Он не знал, как истолковывать их поведение. Неужели они действительно не заметили, что над ним издевались, что его приковали к стене? Или они притворялись, что ничего не замечают, чтобы скрыть неловкость и стыд? Или таким хитроумным способом, почти закодированным, чтобы не догадались его захватчики, пытались придать ему силы, вселить надежду на избавление? Прежде чем он успел решить для себя, в чем же дело, мать увидела в окне люка полную луну и издала легкий вздох удивления и восторга. Потом она начала кружиться, понимая, что все на нее смотрят, и в то же время не обращая ни на кого внимания. В призрачном серебряном воздухе ее юбка раздулась вокруг ног колоколом…

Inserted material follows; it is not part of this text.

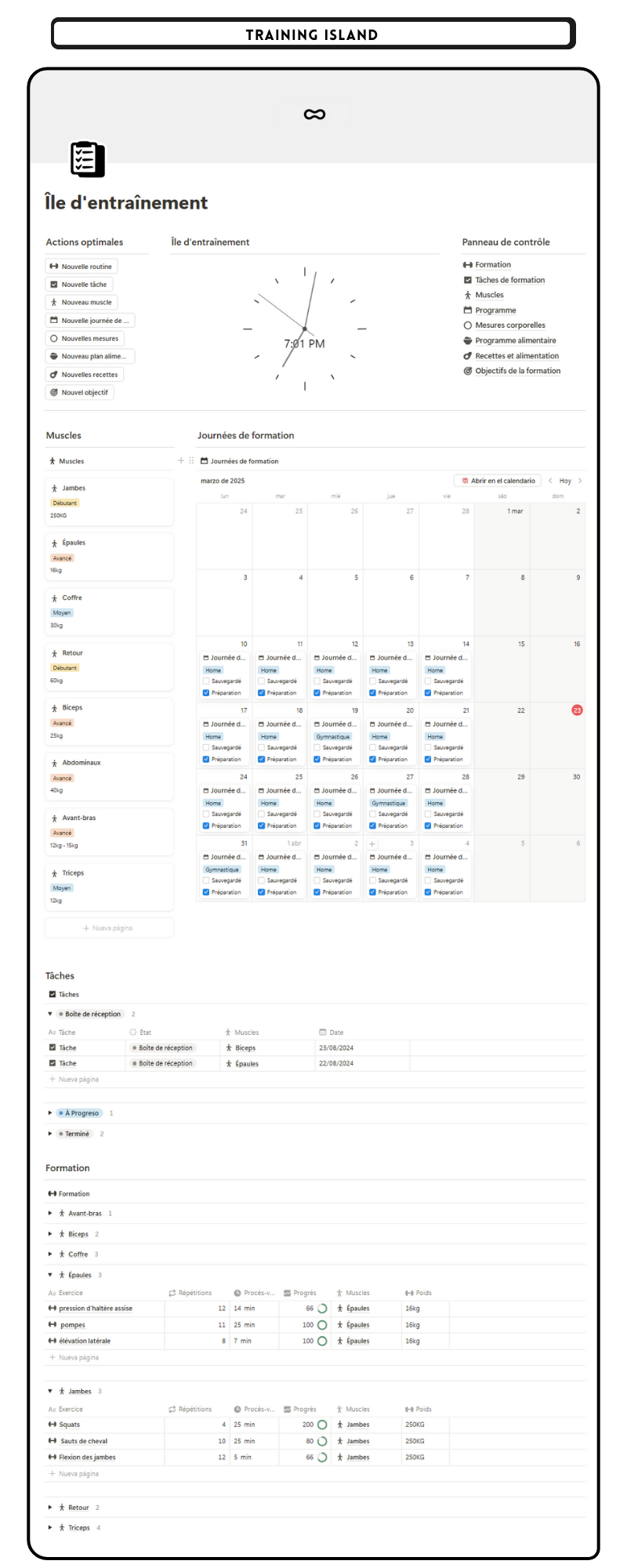 Si tu t'entraînes sans plan clair, il est facile de perdre le focus et de ne pas voir de résultats. Île d’Entraînement est ton espace dans Notion pour organiser, suivre et améliorer ta routine d'exercices sans complications.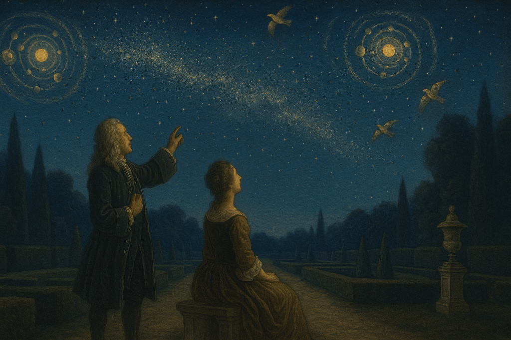 L’auteur aborde ensuite un phénomène qui avait intrigué les astronomes depuis l’Antiquité : la Voie lactée. Il explique à la Marquise que cette blancheur laiteuse qu’on voit dans le ciel est en réalité une concentration d’une multitude d’étoiles si lointaines et serrées qu’elles en paraissent confondues en une lumière continue. Il reprend ici clairement la découverte de Galilée, qui le premier, avec sa lunette, avait résolu la Voie lactée en étoiles en 1610. Fontenelle appelle ces étoiles de la Voie lactée « des petites étoiles invisibles aux yeux à cause de leur petitesse », formant comme des « mini-tourbillons » ou archipels d’astres. Il pousse même la fantaisie à imaginer que ces petits mondes de la Voie lactée sont si rapprochés que d’un monde à l’autre, on pourrait presque s’interpeller ! Il évoque l’image charmante d’oiseaux, ou de pigeons voyageurs, qui voleraient d’une planète d’un de ces systèmes à une planète voisine pour porter des messages. C’est une métaphore poétique audacieuse : elle concrétise l’idée de proximité relative de certains mondes, et amuse la Marquise (et le lecteur) en suggérant une sorte de communication inter-mondes par des moyens simples (des pigeons cosmiques !). Bien entendu, c’est une hyperbole humoristique – Fontenelle ne prétend pas sérieusement qu’il y a des pigeons de l’espace –, mais cette image de « cette fourmilière d’astres, et cette graine de mondes » (selon ses termes) frappe l’esprit et fait entrevoir concrètement l’immensité peuplée de la galaxie. La Marquise en est ravie, même si cela ajoute encore à l’énormité de l’univers qu’elle doit concevoir. Fontenelle la gâte ici en images évocatrices : il compare par exemple la Voie lactée à un archipel d’îles (il cite les Maldives comme métaphore : des milliers de petites îles séparées par de minces chenaux d’eau qu’on franchirait aisément). De même, les petits tourbillons stellaires de la Voie lactée seraient assez près pour qu’on puisse presque « se donner la main » d’un monde à l’autre. Cette avalanche métaphorique contribue à dédramatiser l’infini en le rendant imagé et même ludique. Au lieu d’un effroi, on a devant les yeux un tableau chatoyant de milliers de mondes papillonnants.

К нему приходили и другие разные люди, с которыми он сталкивался в жизни. Берт Пшер, директор труппы. Стефан Элмере, фотограф. Появилась даже его наставница, Изабель ван Заанен. На ней была.длинная шуба, а в ушах - бриллиантовые серьги, она выглядела так, как будто только что вернулась с премьеры спектакля. Изабель много лет работала в его труппе в качестве приглашенного хореографа, и он своим успехом обязан ее советам и поддержке.
Стоя у стены, она зажгла одну из своих египетских сигарет. «Помнишь, что сказал Баланчин? - произнесла она. - Сначала - пот, потом - красота». Изабель улыбнулась сама себе - Баланчин был ее другом. Потом подошла к нему и склонилась над ним так, чтобы он мог коснуться губами ее щеки.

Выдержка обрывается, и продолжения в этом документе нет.